ABOUT THIS TASK: Reproduce the data in full, exactly as given, leaving images out.

DATA FOR THIS EXERCISE:
'''
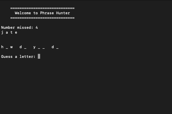 This is a command-line game built in Python where the player has to guess a phrase by guessing individual letters. The game displays a phrase as a series of underscores, and the player has to guess letters one at a time. If the player guesses a correct letter, it is displayed in the phrase. If the player guesses an incorrect letter, the letter is displayed above the phrase. The game ends when the player guesses the phrase or makes five incorrect guesses.
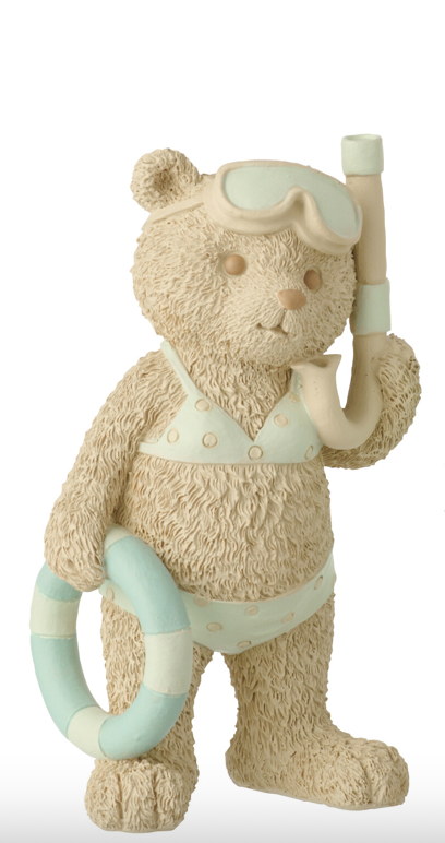 Mooi beeldje van een strandmeisje in bikini met een snorkel in de hand.
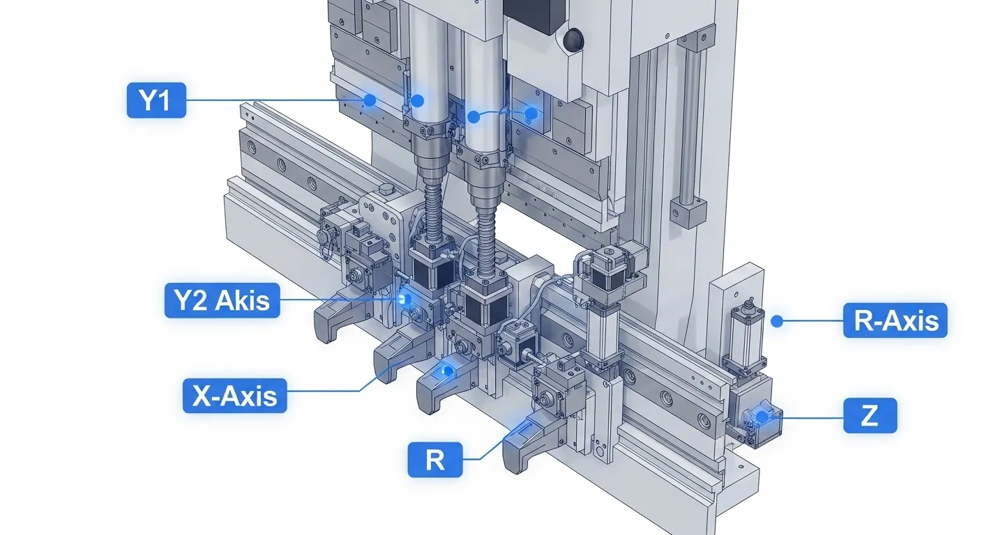 - Y1/Y2: Independent control of the left and right cylinders for ram positioning.
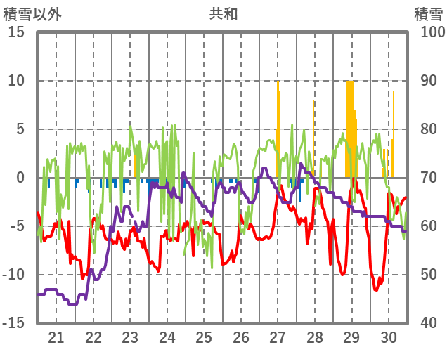 | 日 | 時 | 気温 | 降水 | 風向/風速 | 日照 | 積雪 | 降雪 |
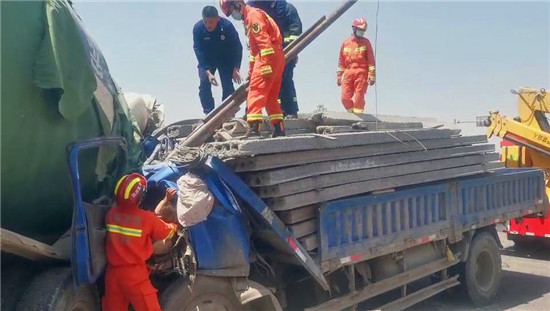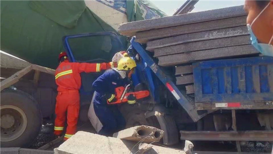 4月26日11時(shí)許,西華縣逍遙鎮(zhèn)加河灘村穎河橋發(fā)生一起車禍,一輛拉石板的貨車和一輛水泥罐車相撞,貨車在強(qiáng)大的慣性下車頭嚴(yán)重變形,司機(jī)被困車中,而貨車的駕駛室也被由于慣性發(fā)生前傾的石板壓住,情況十分緊急。周口市消防救援支隊(duì)西華縣消防大隊(duì)接到報(bào)警后立即出動(dòng)2車10人趕赴現(xiàn)場(chǎng)展開救援。
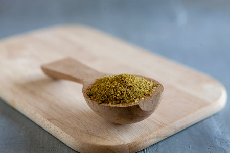 Za'atar (zatar), Middle Eastern spice mixture in wooden bowl
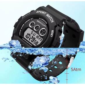 Design e Materiais: Possui corpo e pulseira de resina preta ou poliuretano PU , com caixa redonda de plástico ABS. A resistência à água é de 5 ATM, permitindo o uso para natação em águas rasas, mas não para mergulho.
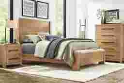 The shining vibrancy and modest sophistication of the Ithaca bedroom turns your sleep space into a relaxing center of staycation luxury. Constructed with oak veneers in a natural finish, the bed features horizontal paneling with a framed motif that adds a handsome minimalistic aesthetic. A bench on the footboard provides a welcome seating option as well. Matching pieces include metal bar pull hardware in a black finish for an elevating contrast. USB ports in the nightstand add convenient charging. Mattress and foundation (if required) sold separately.
'''
SOLUTION BELOW:
 This is a command-line game built in Python where the player has to guess a phrase by guessing individual letters. The game displays a phrase as a series of underscores, and the player has to guess letters one at a time. If the player guesses a correct letter, it is displayed in the phrase. If the player guesses an incorrect letter, the letter is displayed above the phrase. The game ends when the player guesses the phrase or makes five incorrect guesses.
 Mooi beeldje van een strandmeisje in bikini met een snorkel in de hand.
 - Y1/Y2: Independent control of the left and right cylinders for ram positioning.
 | 日 | 時 | 気温 | 降水 | 風向/風速 | 日照 | 積雪 | 降雪 |
 4月26日11時(shí)許,西華縣逍遙鎮(zhèn)加河灘村穎河橋發(fā)生一起車禍,一輛拉石板的貨車和一輛水泥罐車相撞,貨車在強(qiáng)大的慣性下車頭嚴(yán)重變形,司機(jī)被困車中,而貨車的駕駛室也被由于慣性發(fā)生前傾的石板壓住,情況十分緊急。周口市消防救援支隊(duì)西華縣消防大隊(duì)接到報(bào)警后立即出動(dòng)2車10人趕赴現(xiàn)場(chǎng)展開救援。
 Za'atar (zatar), Middle Eastern spice mixture in wooden bowl
 Design e Materiais: Possui corpo e pulseira de resina preta ou poliuretano PU , com caixa redonda de plástico ABS. A resistência à água é de 5 ATM, permitindo o uso para natação em águas rasas, mas não para mergulho.
 The shining vibrancy and modest sophistication of the Ithaca bedroom turns your sleep space into a relaxing center of staycation luxury. Constructed with oak veneers in a natural finish, the bed features horizontal paneling with a framed motif that adds a handsome minimalistic aesthetic. A bench on the footboard provides a welcome seating option as well. Matching pieces include metal bar pull hardware in a black finish for an elevating contrast. USB ports in the nightstand add convenient charging. Mattress and foundation (if required) sold separately.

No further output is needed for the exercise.